Head and neck squamous cell carcinomas (HNSCC) are a diverse group of tumors from the upper aerodigestive tract with relatively poor outcomes and limited targeted therapeutic options. Most patients are treated with a combination of DNA damaging agents (platinum, XRT). Recent genomic characterization of these tumors has not identified targetable oncogenic drivers, thus emphasizing the need to develop rational genomic-based approaches to increase sensitivity to treatments that induce DNA damage. We performed an in vivo functional genomic screen in genomically characterized HNSCC cell lines alone or in combination with DNA damaging agents. Knock-down of CREBBP or EP300 was identified as a potential mechanism to sensitize cells to the DNA damage response. CREBBP and EP300 are homologous multifunctional bromodomain-containing acetyltransferases that can regulate many proteins and pathways. Importantly, CREBBP and EP300 are mutated in 13% of HNSCC and sensitivity seems to be associated with those alterations, suggesting a synthetic cytotoxicity relationship. Additionally, these genes are druggable and small molecule inhibition of CREBBP increases DNA damage induction and persistence in response to radiation treatment and increased apoptotic cell death. We hypothesize that the CREBBP/EP300 pathway is both a biomarker and a therapeutically relevant target to sensitize HNSCC to currently used DNA damaging treatments. We propose to examine the genomic basis for this synthetic cytotoxicity and understand how mutations modulate the phenotype. We will also identify global changes to histone acetylation caused by modulation of CREBBP or EP300 and aim to understand how those changes impact the response to DNA damage. Additionally, therapeutic agents that modulate these genes will be tested for their efficacy in preclinical models with the goal of generating sufficient data to justify a clinical trial. Finally, we will perform another in vivo screen to identify other targets that can sensitize to inhibition of CREBBP with reduced toxicity. Overall, this project will examine an exciting new therapeutic target and candidate biomarker for a tumor type that is driven by loss of tumor suppressor genes and has proven difficult to target.
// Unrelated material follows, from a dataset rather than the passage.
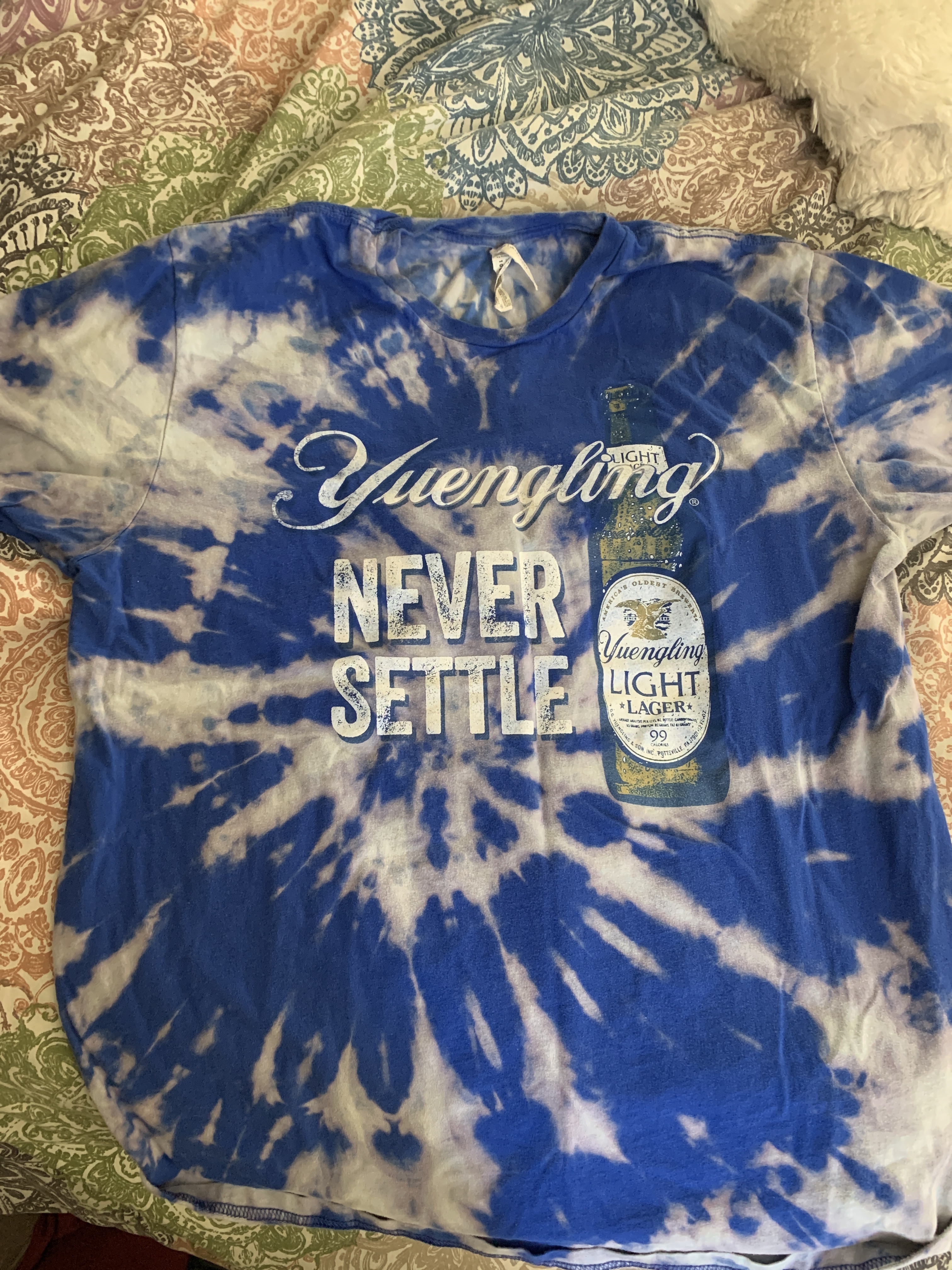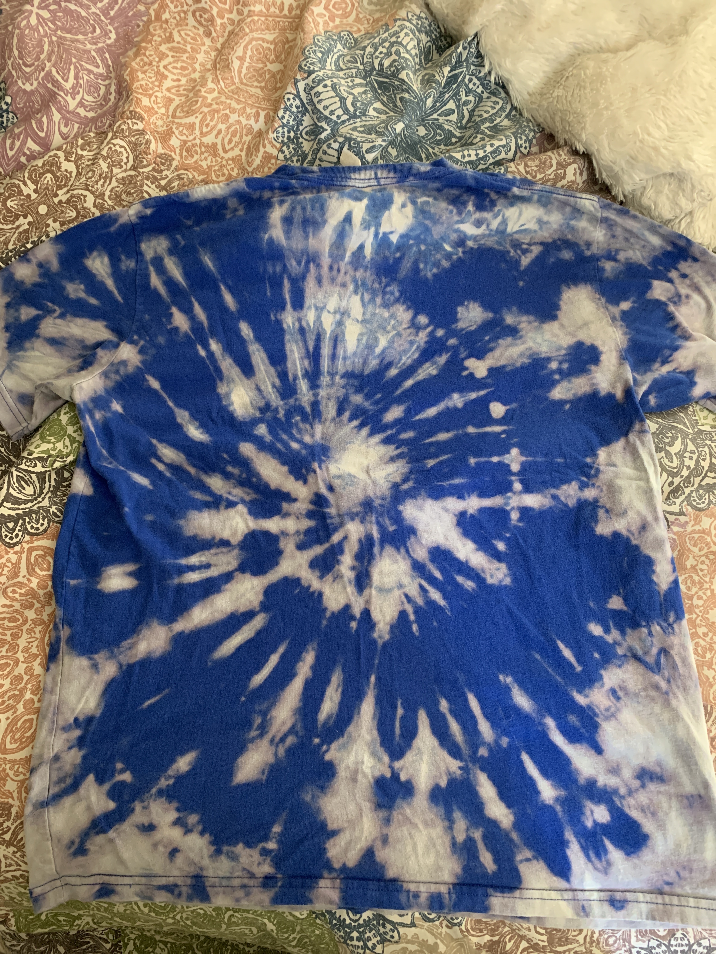 I tie dyed this shirt during quarantine and absolutely love it but done wear it enough. Size large casual T-shirt fit.

头部和颈部鳞状细胞癌（HNSCC）是从上部多样的肿瘤 消化道的结果相对较差，靶向治疗方案有限。大多数患者是 用DNA破坏剂（铂，XRT）的组合处理。最近的基因组表征 这些肿瘤尚未确定可靶向的致癌驱动因素，因此强调了发展理性的需求 基于基因组的方法，以增加对诱导DNA损伤的治疗的敏感性。我们表演了 单独或与之结合 DNA破坏代理。将CREBBP或EP300的敲低是一种潜在的机制 将细胞敏感到DNA损伤反应。 CREBBP和EP300是同源的多功能 可以调节许多蛋白质和途径的含溴群的乙酰转移酶。重要的是， CREBBP和EP300在13％的HNSCC中突变，敏感性似乎与之相关 改变，表明合成细胞毒性关系。此外，这些基因是可药的，很小 分子抑制CREBBP会增加DNA损伤的诱导和持续性，以响应辐射 治疗并增加凋亡细胞死亡。我们假设CREBBP/EP300途径都是 生物标志物和具有治疗相关的靶标，以使HNSCC敏感到当前使用DNA损害 治疗。我们建议检查这种合成细胞毒性的基因组基础，并了解如何 突变调节表型。我们还将确定由组蛋白乙酰化的全球变化 CREBBP或EP300的调节，旨在了解这些变化如何影响对DNA的反应 损害。此外，调节这些基因的治疗剂将在其在 临床前模型的目的是生成足够的数据以证明临床试验合理。最后，我们将表演 另一个体内筛选，以识别可以降低毒性降低CREBBP的其他靶标。 总体而言，该项目将检查令人兴奋的新治疗靶标和候选生物标志物的肿瘤类型 这是由于肿瘤抑制基因的丧失而驱动的，事实证明很难靶向。